The standard reduction potential for gold (Au) is +1.50 V, while the standard reduction potential for magnesium (Mg) is -2.37 V.
Since gold has a higher reduction potential than magnesium, it means that gold is more likely to undergo reduction, and therefore, the gold half-cell will be the cathode.
Conversely, magnesium is more likely to undergo oxidation, so the magnesium half-cell will be the anode.
The voltage for the cell, also known as the cell potential (Ecell), can be determined by subtracting the reduction potential of the anode from the reduction potential of the cathode:
Ecell = E(cathode) - E(anode)
= +1.50 V - (-2.37 V)
= +1.50 V + 2.37 V
= 3.87 V
Hence, the voltage for the cell is 3.87 V.
b.
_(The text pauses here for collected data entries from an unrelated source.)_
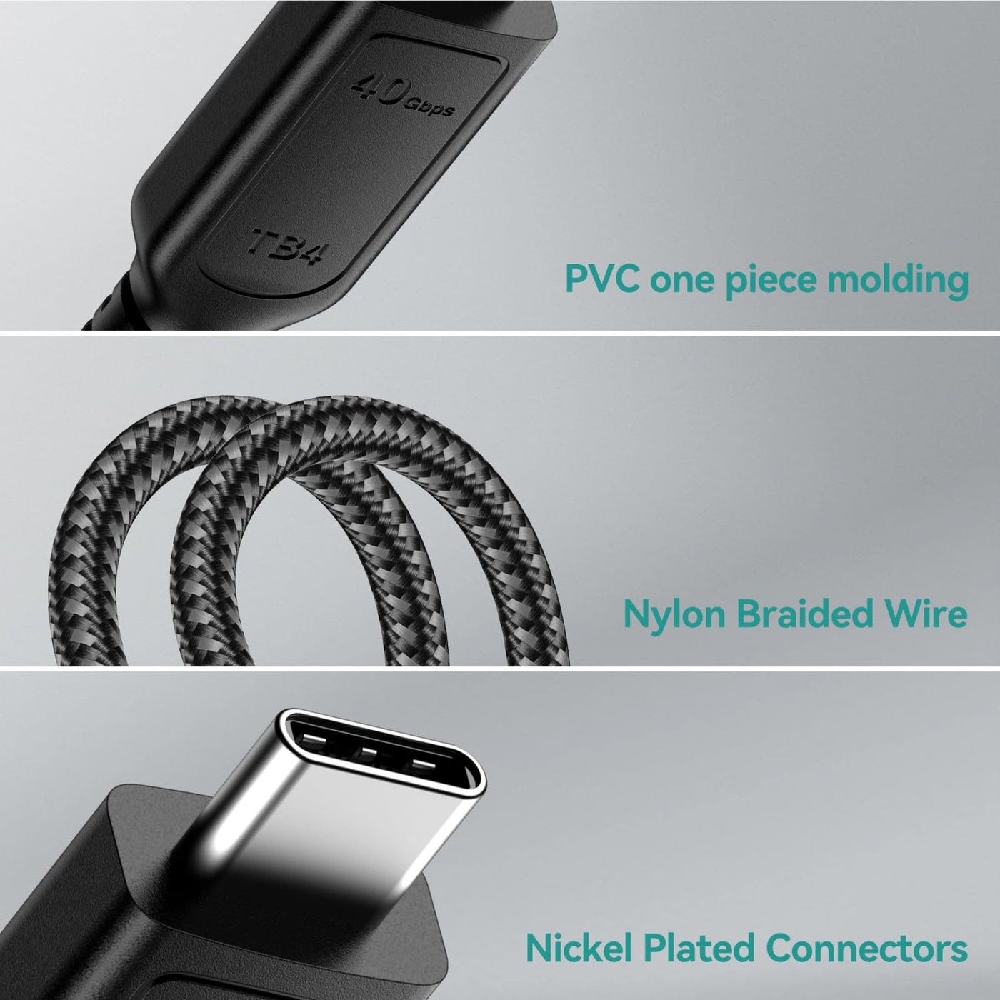 Q: What materials are used to ensure the durability of this Thunderbolt cable?A: The ConnBull Thunderbolt 4 cable features a braided nylon exterior designed for enhanced durability, along with reinforced connectors and thicker gauge wire, ensuring stable signal transmission and a longer cable life.
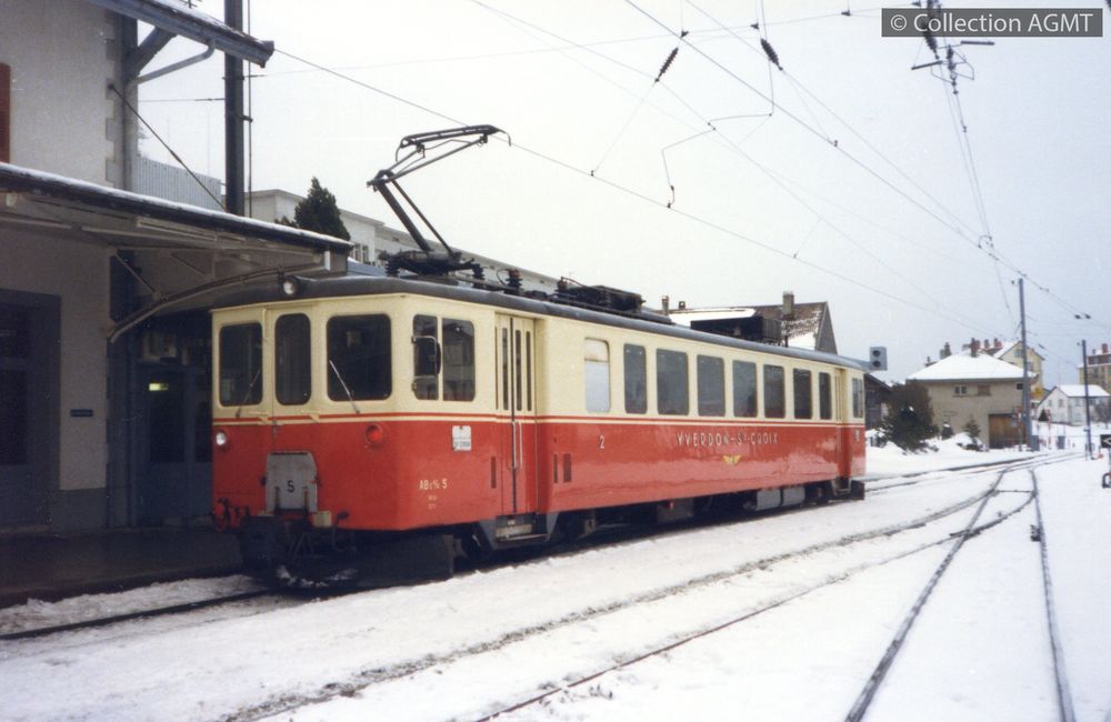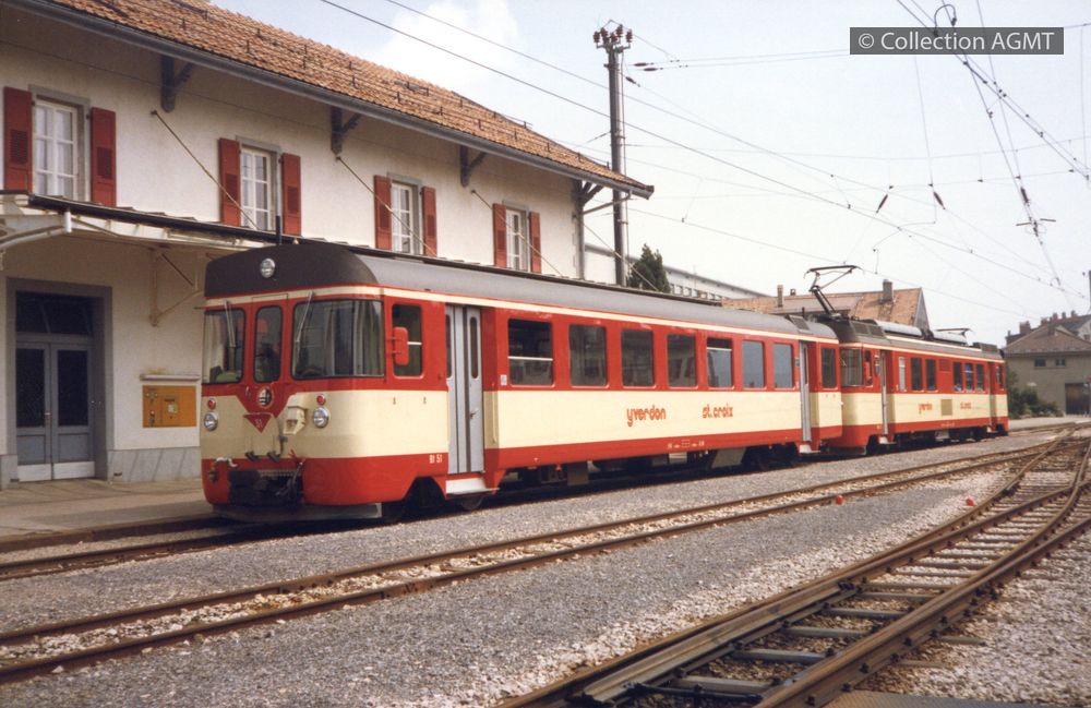 4341(494.45)_YSteC_1989-01.jpgImage JpegUn convoi de l'YSteC, formé par les deux automotrices ABe 4/4 11 et 12, attend en gare de Ste-Croix l'heure du départ pour Yverdon / Gaston Guignard
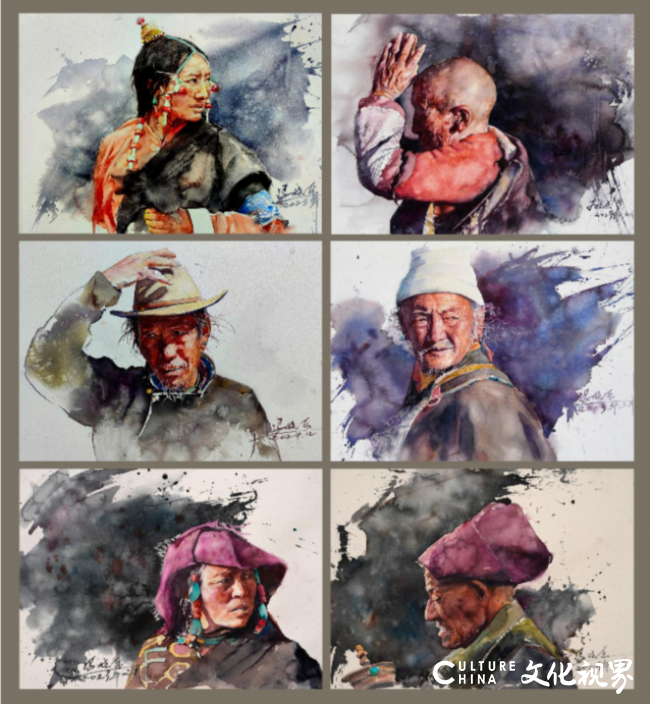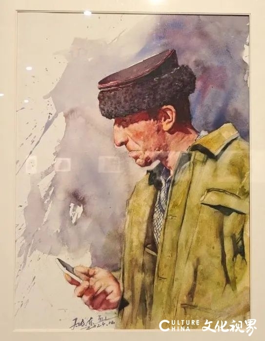 《边疆人物组画》是冯晓东馆长作为一名文化志愿者,先后随地方文旅系统组织的专业文化志愿服务团队赴新疆、西藏、内蒙古、宁夏等少数民族地区开展系列文化惠民服务活动,并以“艺术创作志愿行”为工作目标,精心创作的一批边疆风情系列作品。本次以12件新疆、西藏人物系列水彩画为主题,通过个性化艺术语言,展现边疆自然人文之大美,讴歌边疆地区时代发展新貌。旨在以原创作品为载体,讲好中华民族共同体故事。作品没有选择宏大叙事,而是将视角聚焦于边疆人物个体,从人物的神态、表情与肢体语言中挖掘情感深度。通过细腻的人物刻画让人感受岁月沉淀与生命力量。与许多宏大主题展现的作品不同,《边疆人物组画》着力于微观叙事与人文深耕。从平凡人物的日常发现美与感动,用画笔捕捉那些容易被忽视却又极具代表性的瞬间。展现了创作者对人文精神的深度挖掘与细致呈现,从而赋予作品质朴而深沉的情感力量。它将边疆独特的人文风貌与生活习俗生动地展现出来,让更多人可以通过作品了解边疆文化的多元性与独特魅力,促进不同地域文化间的交流与互鉴。该作品也为水彩(粉)画的创作题材与表现形式提供了新的范例,为地方美术创作的建设与发展留下精彩的一笔。
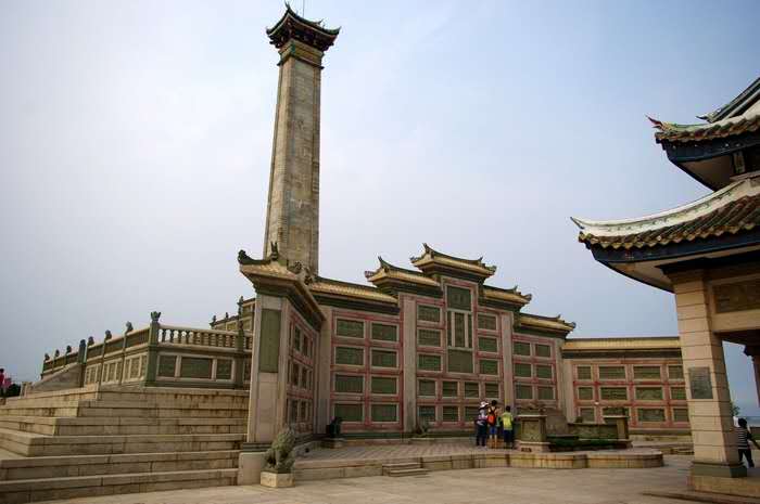 鳌园,坐落在集美东南隅,总面积达8990平方米。鳌园原为一座小岛,形似海龟、故为“鳌园”。嘉庚先生花10年时间、耗资65万元,亲自设计、督建而成的。园中建筑和雕刻,均体现他寓教于游、寓教于乐的思想,包含中外古今、天文地理、科技文教、书法绘画、动物植物、工农业生产等诸多方面,无所不有,无所不包,博大精深,是个博物大观。鳌园由门廊、集美解放纪念碑和陈嘉庚先生的陵墓三个部分组成。门廊的设计精巧洒脱,两厢墙上镂刻着连环组雕。园中央矗立着“集美解放纪念碑”,正面是毛泽东主席的题词,背面是陈嘉庚先生亲自撰写的碑文。整个纪念碑高28.6米,通体以花岗岩建成,基座两层,台阶下层八级,上层三级,象征着八年抗战及三年解放战争,四周绕以青石雕栏。

To determine the change in mass of the gold electrode, we need to use Faraday's law of electrolysis, which states that the mass of a substance produced or consumed in an electrolytic reaction is directly proportional to the quantity of electricity passed through the system.
The equation for Faraday's law is given as:
Δm = (Z * F * ΔQ) / M
where:
Δm = change in mass
Z = number of moles of electrons transferred in the half-reaction
F = Faraday's constant (approximately 96,485 C/mol)
ΔQ = charge passed through the system (in coulombs)
M = molar mass of the substance
For magnesium, in its oxidation half-reaction, it loses two moles of electrons:
Mg(s) → Mg2+(aq) + 2e-
Therefore, Z = 2.
To calculate the change in mass, we need to know the charge passed through the system (ΔQ). We can find this by using Faraday's law and the given change in mass for magnesium.
Let's assume that the change in mass of magnesium is Δm = -5.0 g (negative because it is being consumed in the oxidation half-reaction).
ΔQ = (Δm * M * Z) / (F * 1)
Substituting the values:
ΔQ = (-5.0 g * 24.31 g/mol * 2) / (96,485 C/mol)
= -0.1027 C
Now, since gold is being reduced, it will gain electrons as follows:
Au3+(aq) + 3e- → Au(s)
The number of moles of electrons transferred (Z) for gold is 3.
To determine the change in mass of gold, we can rearrange the equation for Faraday's law:
Δm = (Z * F * ΔQ) / M
Substituting the known values:
Δm = (3 * 96,485 C/mol * -0.1027 C) / 196.97 g/mol (molar mass of gold)
= -0.150 g
Since the change in mass of gold is negative, it means that the mass of the gold electrode will decrease by 0.150 g.
Therefore, the change in mass of the gold electrode will be -0.150 g (decrease in mass).